Thank you so much for joining us in this interview series! Before we dive in, our readers would love to “get to know you” a bit better. Can you tell us a bit about your ‘backstory’ and how you got started?

I had a lot of false starts trying to figure out dating. I focused on being this cool, mysterious, funny guy in high school, which did work to get girls chasing me, for a while. I had the head cheerleaders and the prettiest girls in school asking me out on dates. But I was terrified of saying “yes” so I turned them all down. Once in college all that went away. I went to a big school and no one knew who I was anymore. It’s hard to get girls to pay attention to the mysterious guy on a huge campus where everyone is busy. What made it worse was everyone was 10 years ahead of me in dating experience. Was I supposed to get a date with a girl who’d been dating guys since she was 15, and here I was never having gone out with women before?

So I realized, you know what, I’ve got to approach this like a skill. I suck at it, I’m way behind, and the only way I’ll learn it is by swallowing my pride and fear and doing it. Just like some of the computer games I played. I’m going to have to go out, approach girls, talk to them, flirt with them, and practice all these dating skills and try to learn it.

That took me down a rabbit hole of, first, doing this totally on my own, then a year later discovering the pick up artist guys who were also doing this, training with those guys, meeting up with various people to learn from them, and developing this very simplified method of my own (because I could never do any of the complicated pick up artist techniques). This entire business I run now comes from that.

What was the “Aha Moment” that led to the idea for your current company? Can you share that story with us?

I was pretty active on a few dating advice forums at that time, including the largest one. It’s the same place a lot of the big name pick up artists you’ve probably heard of came from: Mystery (the guy with the fuzzy hat), Neil Strauss who wrote The Game, Ross Jeffries, Tyler from Real Social Dynamics. Well, I wasn’t really affiliated with anyone, but guys liked my stuff. They had me rated as the #7 top-rated poster there all time, on this forum of about 40,000 members. I started having more and more guys ask me to start my own blog, because they liked what I had to say and wanted to read more of it. I’m not a blog guy; I’ve never been into reading blogs, and it took me a while to give in and set the thing up. I didn’t think anyone would read it. I had a 9-to-5 at the time anyway at a prestigious consulting firm and not a lot of time to write blog posts.

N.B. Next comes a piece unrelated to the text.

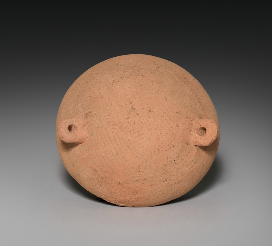 This small storage jar was hand built from coils of clay before it was finished on a potter's wheel. The thick, vertical ridges covering the surface were impressed into the wet clay using a carved wooden paddle. This network of raised lines was then intersected by four incised lines coursing around the bulbous form and separating the body into lower and upper areas with deft visual simplicity. Such direct, effective design solutions to ceramic decoration appear frequently in early Korean ceramics. The two perforations in the upper body were no doubt used to help secure the lid to the body with a cord.
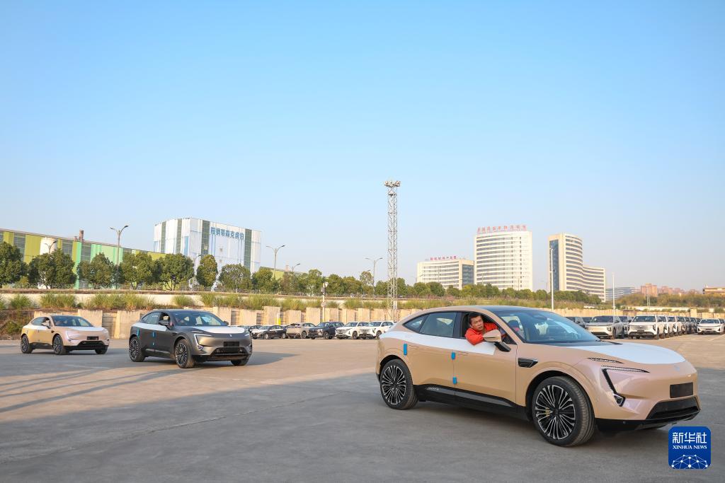 11月29日,在重慶果園港國家物流樞紐鐵路貨運魚嘴站商品車物流基地,工作人員駕駛“重慶造”新能源汽車排隊駛入“渝車”專列。

But a few years later, the job laid me off. I was going through a tough breakup too, and I decided to write a book about all this stuff I’d learned to do with girls over the past 4 years. I figured I’d publish the book and that’d be it. Then I had a friend whose productivity blog was taking off suggest I start writing a blog post a day. “Maybe it’ll bring you more traffic,” he said. So I tried it, and we went from 1,000 visitors a month to 2,500 visitors a month, then 10,000 visitors a month. Then 100,000 visitors a month.

Next I thought, “Maybe I can sell this book on the site and make some extra money.” So I did that, and we were doing a few hundred dollars a month.

After that I thought, “If we could get this to $3,000 a month, that could be enough to live on.” So then we got there. Then we went beyond there. And one day I realized this blog I started, not really expecting to turn into anything, had become this fairly decent business, that was also really fun to run, too.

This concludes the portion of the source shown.